• [Problem details]: Where the line containing "Nova Scotia Archives" appears, begin retyping; continue exactly through the final line of the data. Omit every picture.

• [Data segment]:

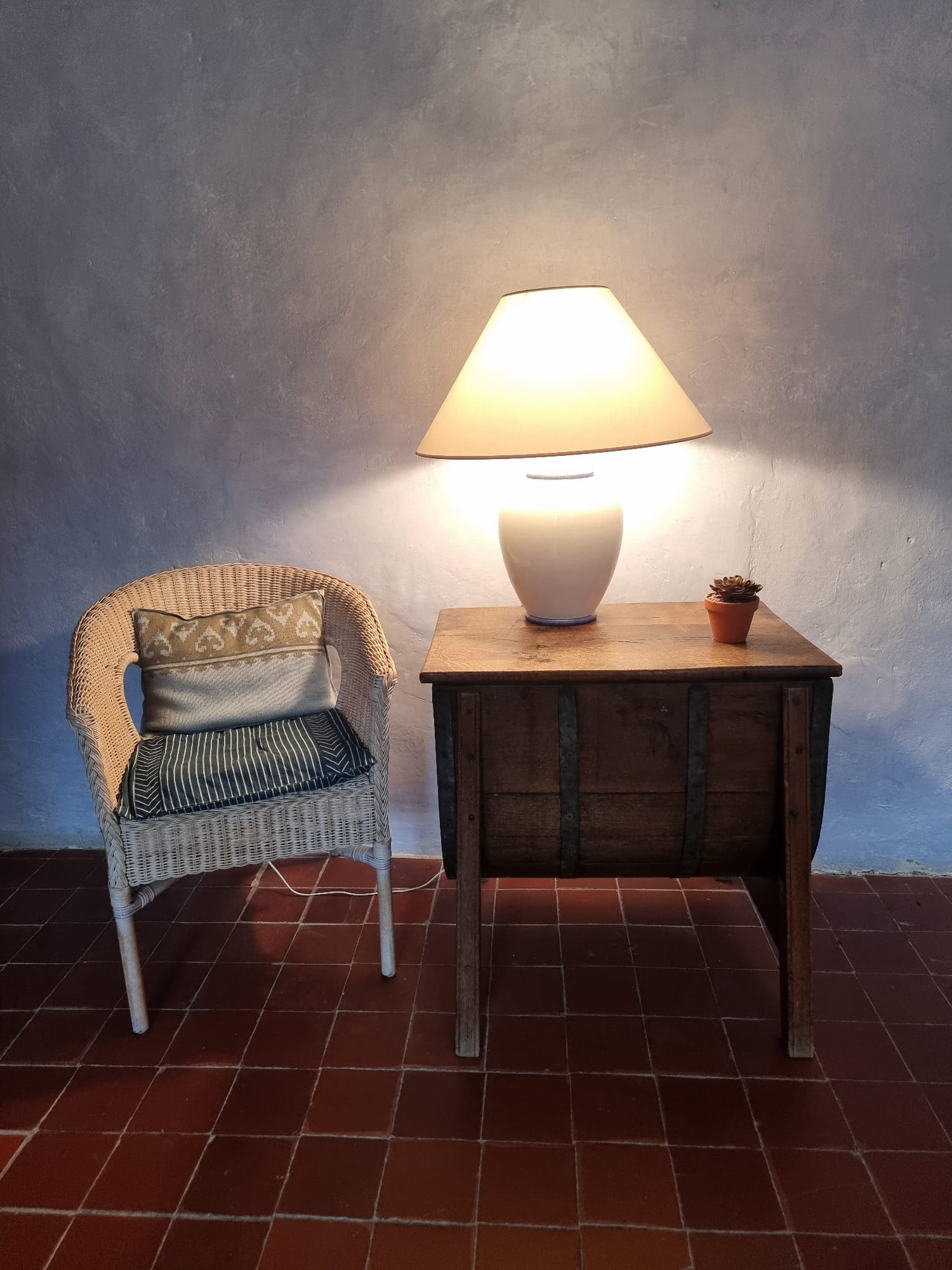 Lavender-colored room with a king-size bed and private bathroom. The room has a private entrance to a classic balcony, accessible via an antique stone staircase covered in fragrant jasmine. It offers views of the courtyard, where you can sit and relax in the shade of the linden trees, surrounded by classic limestone walls, flowers, and a fountain that together enclose the beautiful courtyard.
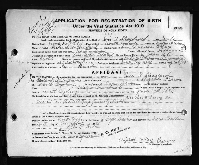 Nova Scotia Archives — https://archives.novascotia.ca/vital-statistics/birth/?ID=166427
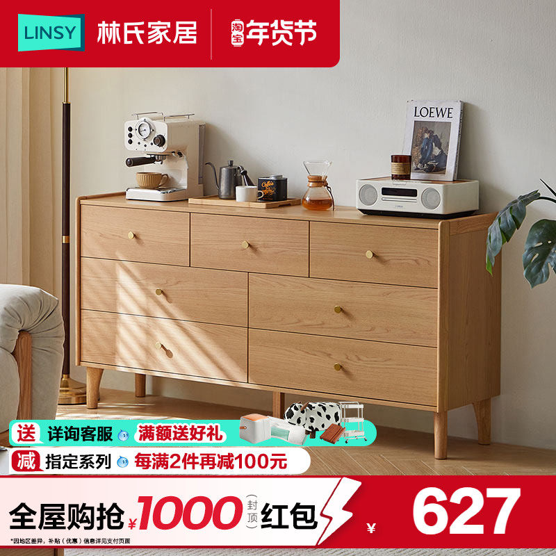 林氏家居抽屉九斗柜客厅餐边柜靠墙收纳柜子实木脚卧室床尾储物柜
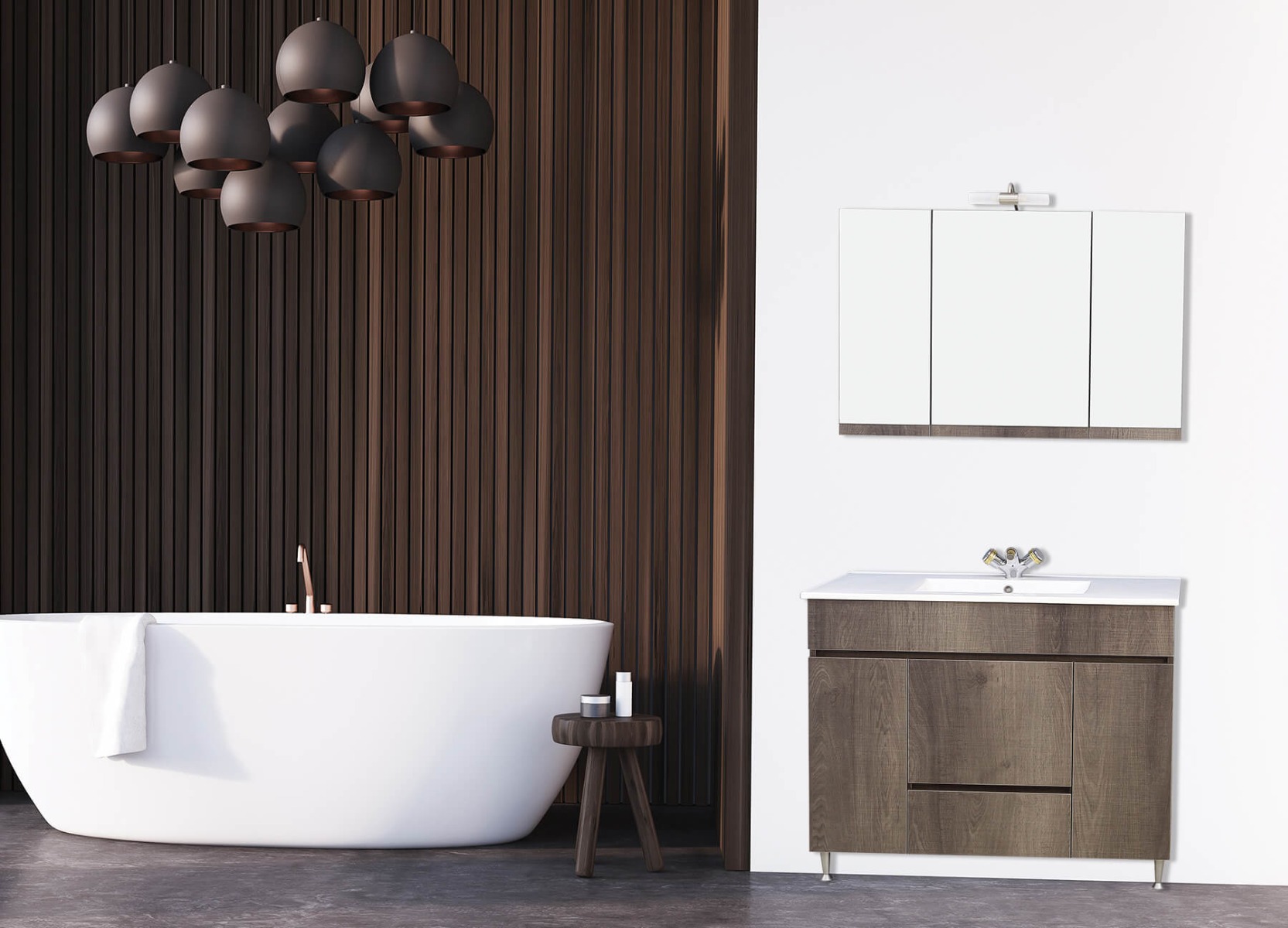 Βάση επίπλου μπάνιου επιδαπέδια 100cm, της συλλογής ΣΕΛΒΑ, με τρία ντουλάπια σε γκρι απόχρωση και εφέ τσιμέντου (κωδ.521).

• [Task result]:
 Nova Scotia Archives — https://archives.novascotia.ca/vital-statistics/birth/?ID=166427
 林氏家居抽屉九斗柜客厅餐边柜靠墙收纳柜子实木脚卧室床尾储物柜
 Βάση επίπλου μπάνιου επιδαπέδια 100cm, της συλλογής ΣΕΛΒΑ, με τρία ντουλάπια σε γκρι απόχρωση και εφέ τσιμέντου (κωδ.521).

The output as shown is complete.